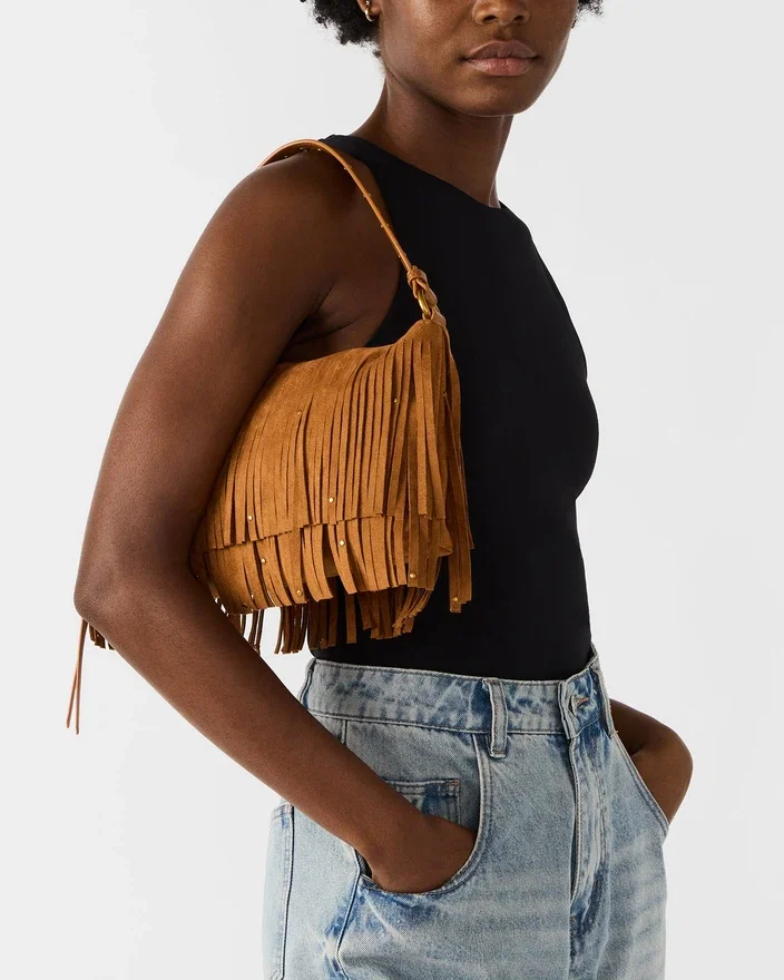 • Geantă cu curea de umăr, franjuri și ținte
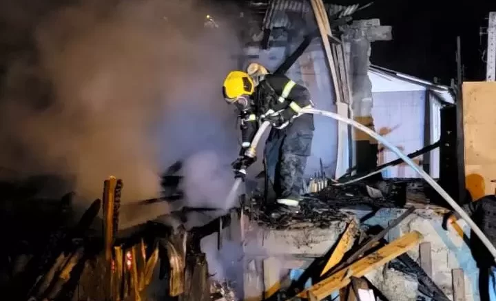 Casa fica destruída e chamas se alastraram para uma residência vizinha; morador de uma das casas foi retirado por vizinhos
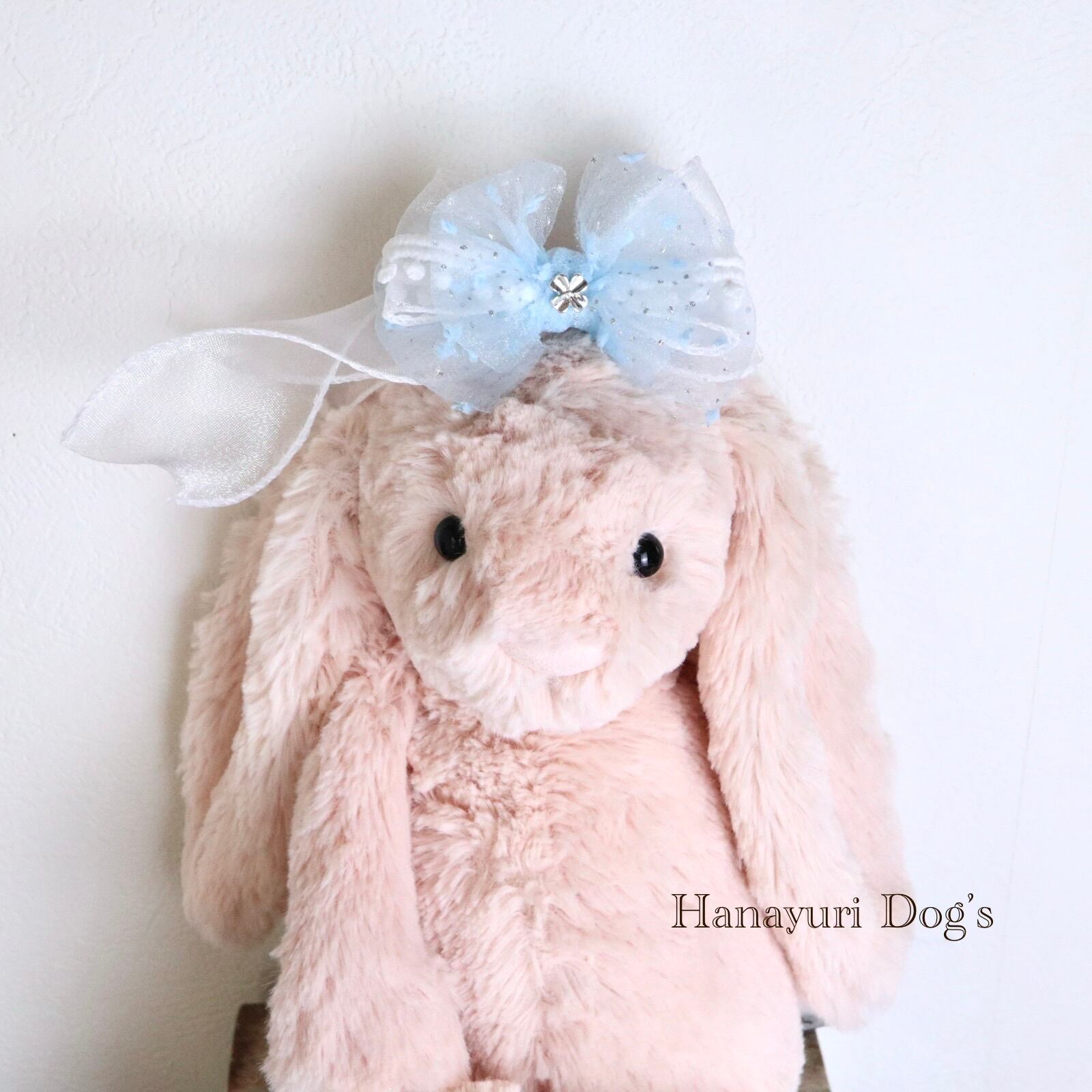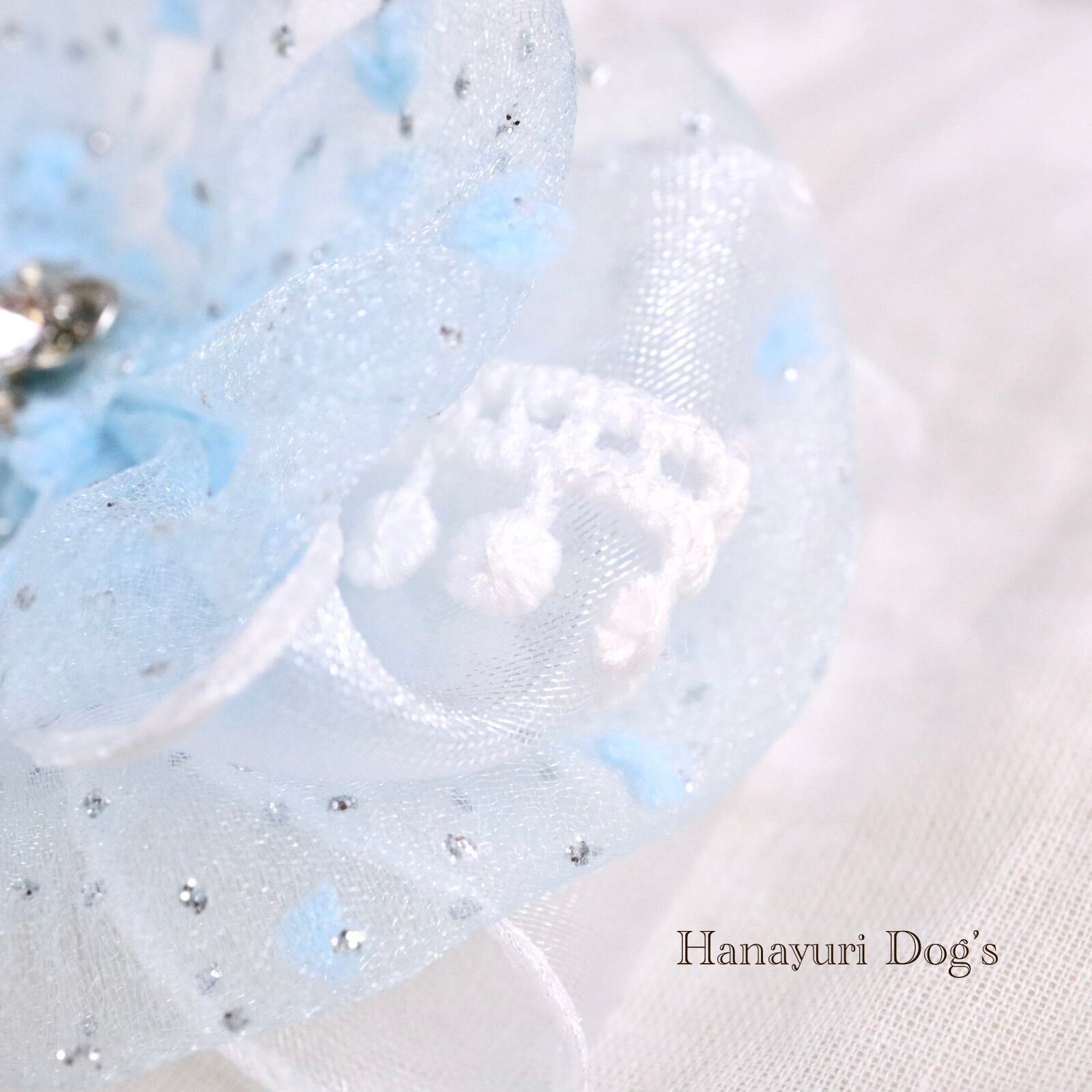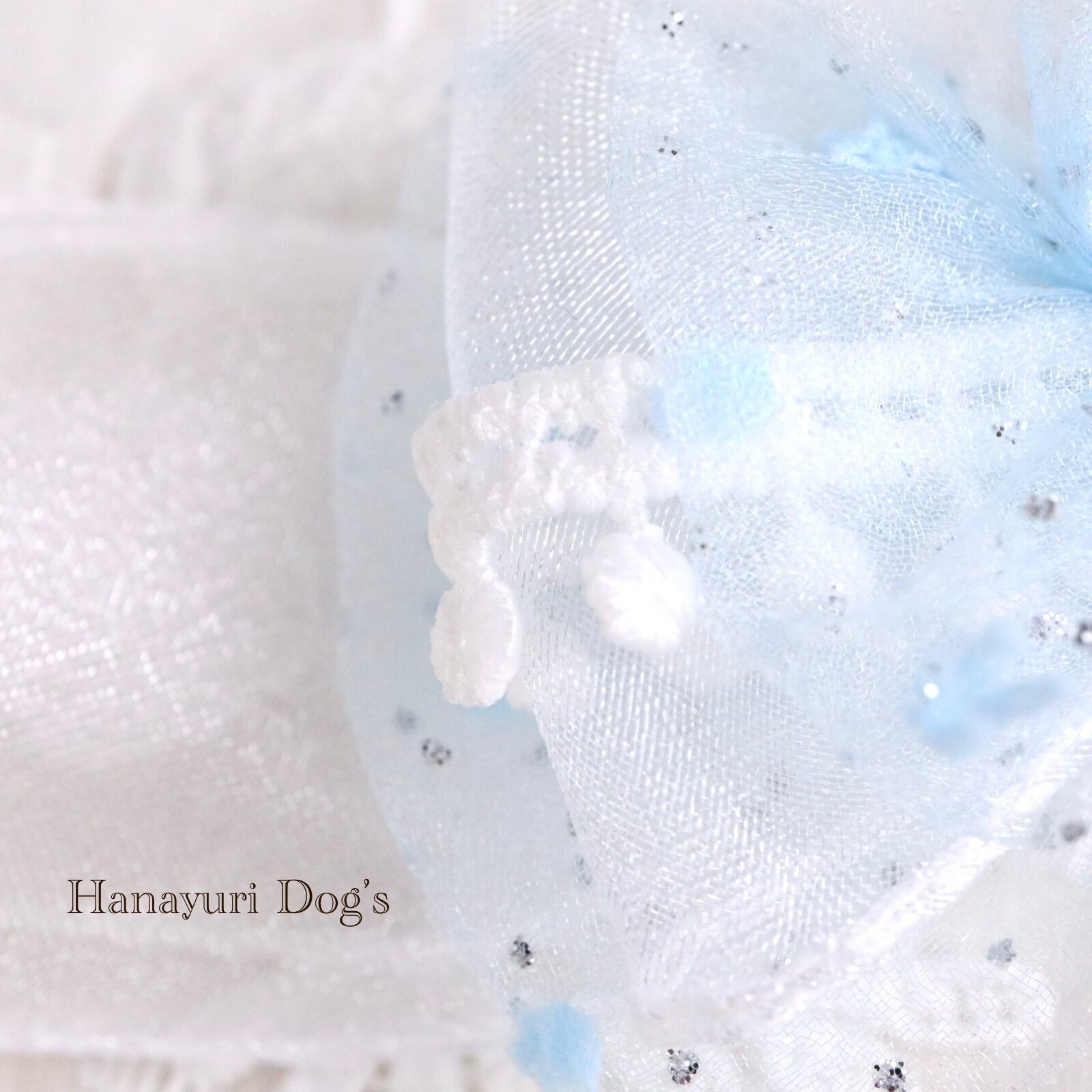 流れるオーガンジー ブルー×ホワイト ハート・花1P ラインストーン 犬バレッタ キッズ・子供リボン ペット ぬいぐるみ ヘアアクセサリー 髪飾り 誕生日 記念日 プレゼント オフ会 うちの子記念日 イベント 撮影
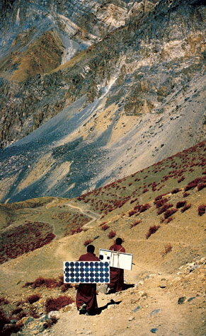 "Tsewang Norbu lives in the village of Digger across the 4,500 meters high Khardungla pass in the Leh District. He is twenty-eight years old, has five children and keeps goats. He was selected by his community to be trained in the installation, repair and maintenance of solar photovoltaic units. All the solar units he installed were brought to the village by Yak and on the backs of people from the village. He was trained on the job: he installed fifty-nine units himself, taking three months to complete the work. The units were installed in 1992. They are still working." Photo by Barefoot Photographers of Tilonia
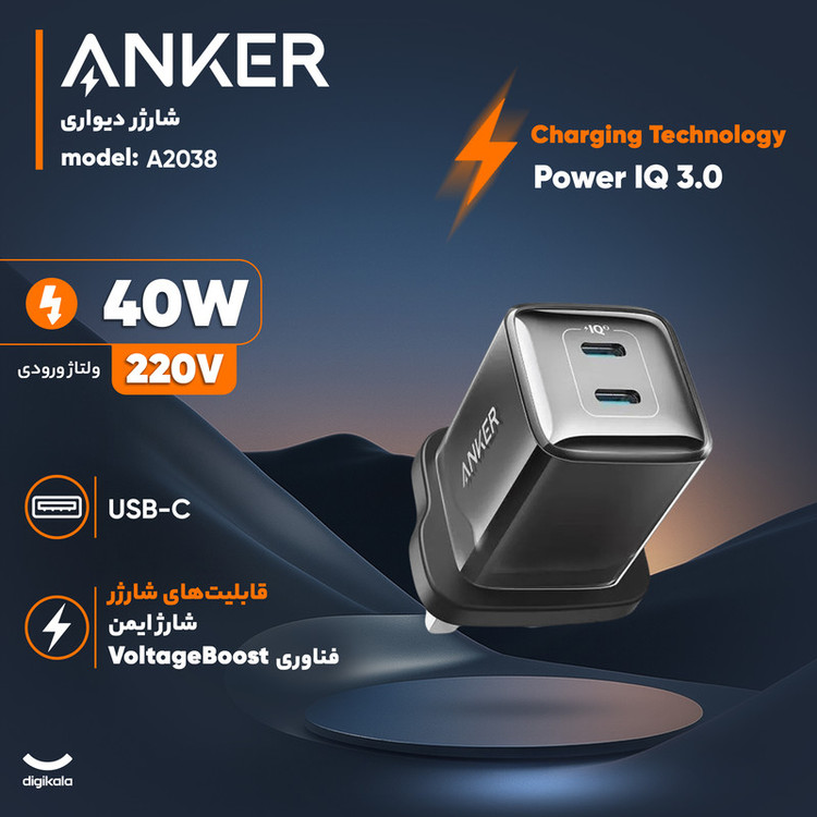شارژر دیواری ۴۰ وات انکر مدل A2038 یک شارژر پیشرفته و مطمئن برای گوشیهای هوشمند، تبلتها و لپتاپهای کوچک است که با طراحی جمعوجور و امکانات هوشمند، تجربه شارژ سریع و ایمن را برای کاربران فراهم میکند. این شارژر با وزن ۸۵ گرم و بدنهای از جنس پلاستیک مقاوم ساخته شده و اتصال آن به برق از طریق سهپین استاندارد انجام میشود، که استفاده راحت در خانه، محل کار و سفر را ممکن میسازد.
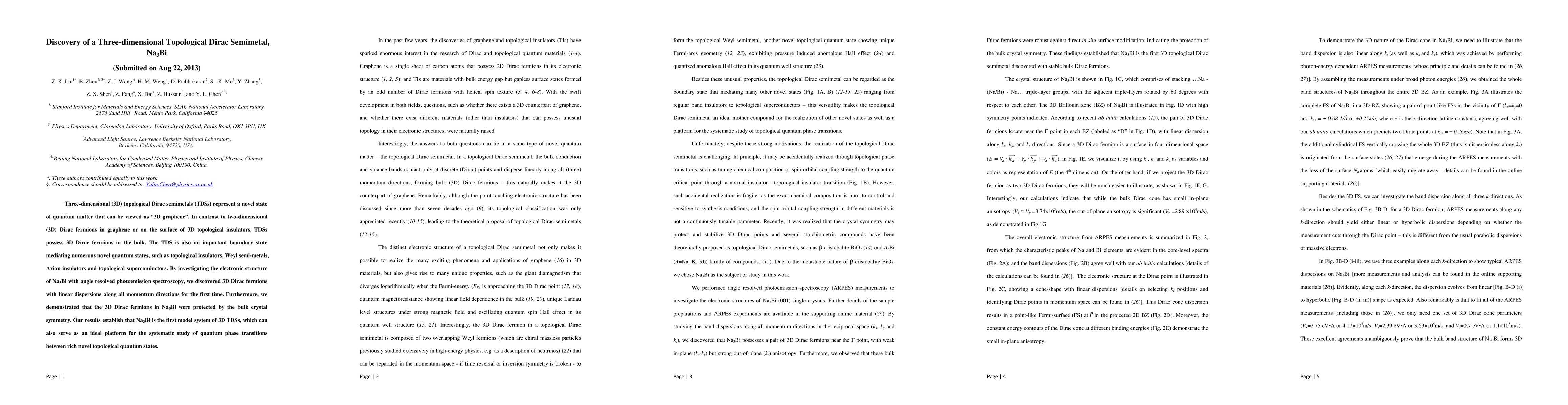 Researchers discovered the first three-dimensional topological Dirac semimetal, Na3Bi, with 3D Dirac fermions exhibiting linear dispersions through angle resolved photoemission spectroscopy. This material serves as a model system for studying quantum phase transitions between various topological quantum states.
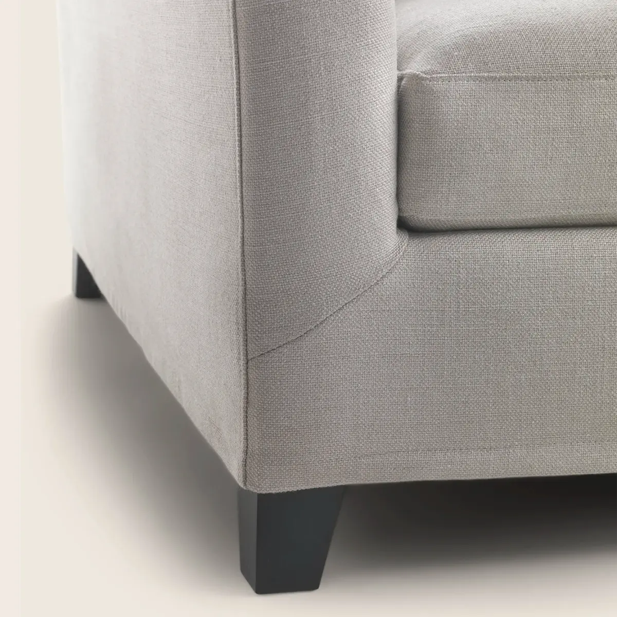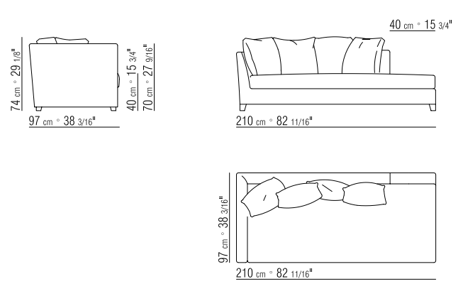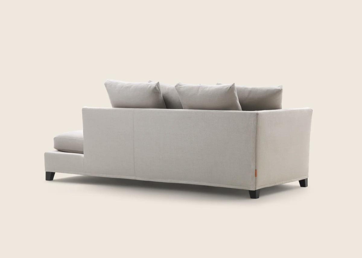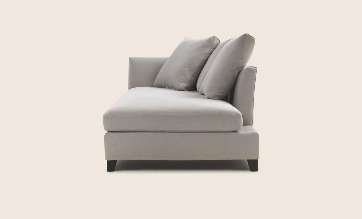 Спинка и подлокотник кушетки имеют одинаковую высоту, что придаёт ей гармоничный и сбалансированный вид. Цельная подушка сиденья щедро наполненная полиуретаном и дакроном, обеспечивает дополнительный комфорт и мягкость.

•••••

YOUR ASSIGNMENT:
Please copy exactly the lines from the one that contains "流れるオーガンジー ブルー×ホワイト ハート・花1P" through the last line of the listing above, leaving out the pictures.

ANSWER SPACE:
 流れるオーガンジー ブルー×ホワイト ハート・花1P ラインストーン 犬バレッタ キッズ・子供リボン ペット ぬいぐるみ ヘアアクセサリー 髪飾り 誕生日 記念日 プレゼント オフ会 うちの子記念日 イベント 撮影
 "Tsewang Norbu lives in the village of Digger across the 4,500 meters high Khardungla pass in the Leh District. He is twenty-eight years old, has five children and keeps goats. He was selected by his community to be trained in the installation, repair and maintenance of solar photovoltaic units. All the solar units he installed were brought to the village by Yak and on the backs of people from the village. He was trained on the job: he installed fifty-nine units himself, taking three months to complete the work. The units were installed in 1992. They are still working." Photo by Barefoot Photographers of Tilonia
شارژر دیواری ۴۰ وات انکر مدل A2038 یک شارژر پیشرفته و مطمئن برای گوشیهای هوشمند، تبلتها و لپتاپهای کوچک است که با طراحی جمعوجور و امکانات هوشمند، تجربه شارژ سریع و ایمن را برای کاربران فراهم میکند. این شارژر با وزن ۸۵ گرم و بدنهای از جنس پلاستیک مقاوم ساخته شده و اتصال آن به برق از طریق سهپین استاندارد انجام میشود، که استفاده راحت در خانه، محل کار و سفر را ممکن میسازد.
 Researchers discovered the first three-dimensional topological Dirac semimetal, Na3Bi, with 3D Dirac fermions exhibiting linear dispersions through angle resolved photoemission spectroscopy. This material serves as a model system for studying quantum phase transitions between various topological quantum states.
 Спинка и подлокотник кушетки имеют одинаковую высоту, что придаёт ей гармоничный и сбалансированный вид. Цельная подушка сиденья щедро наполненная полиуретаном и дакроном, обеспечивает дополнительный комфорт и мягкость.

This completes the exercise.